On the 4H timeframe, a descending wedge has formed between two converging trendlines. The lower bound sits near the Supertrend support at $0.2071, while the upper bound is at $0.2224. While a descending wedge is often treated as a bullish reversal setup, the 4H MACD at 0.0004 is described as essentially flat, offering no clear directional confirmation.
The article links current sentiment to a March 2 flash loan exploit targeting the sDOLA-crvUSD Curve LlamaLend pool. It involved an improper oracle configuration that temporarily distorted pool pricing. Curve Finance stated its core protocol contracts were unaffected, but the incident left a residual risk premium in CRV pricing that has not yet fully cleared.

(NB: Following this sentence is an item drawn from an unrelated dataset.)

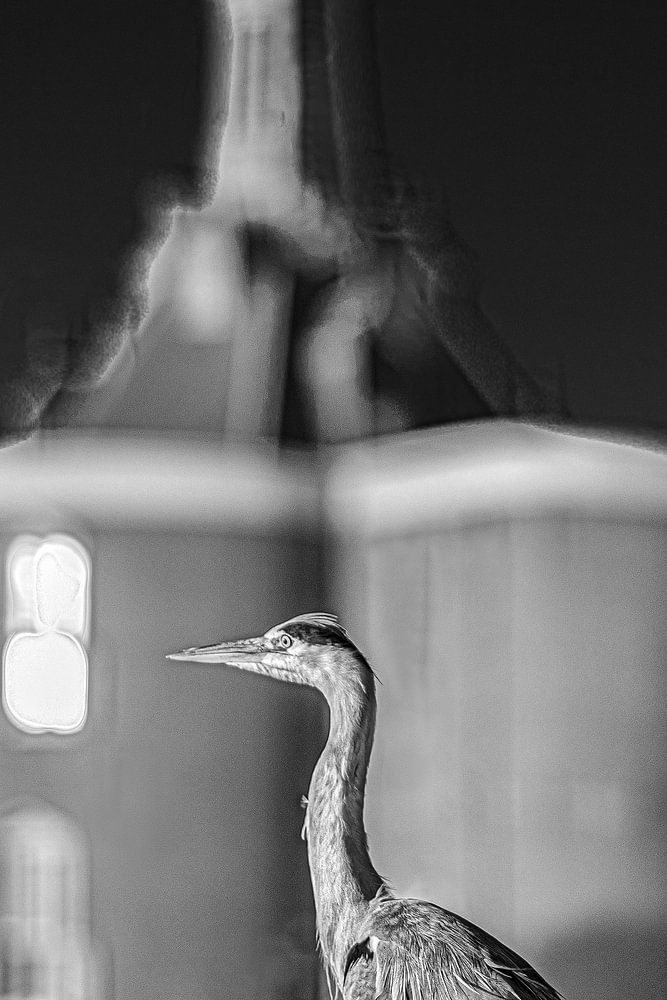 Un héron dans la lumière du matin sur un voilier dans le port de la ville portuaire d'Enkhuizen en Frise occidentale en noir et blanc avec le Dromedaris flou à l'arrière-plan. La profondeur de champ a été délibérément choisie limitée pour mettre l'accent sur le premier plan.

$0.2071 is identified as immediate support on the 4H chart via the Supertrend. A four-hour close below $0.2071 would expose $0.20, which also aligns with the projected daily channel lower boundary. A daily close below $0.20 would mark a more significant breakdown, with $0.18 cited as the next structural reference based on the token’s lowest level from August 2024 (TradingView data).
On the upside, $0.2224 is the upper boundary of the 4H descending wedge and the first resistance level to clear. The daily Supertrend at $0.2495 is described as the key level that would need to be reclaimed to challenge the broader downtrend. A confirmed daily close above $0.2495 would be the first credible signal that the descending channel is being genuinely challenged.
CoinGlass data cited in the article shows CRV futures open interest fell 11.47% to $74.45 million as of late March. The OI-weighted funding rate is 0.0067%, indicating marginally net-long positioning despite the price decline.
A market analyst quoted in a March 30 analysis characterized the current phase as “accumulation, not decline,” but added that a confirmed bullish reversal would only become evident on a move back toward the $0.30 to $0.32 range. The article notes this would still be a substantial distance from current levels and that technical structure has not yet provided the confirmation required for that view.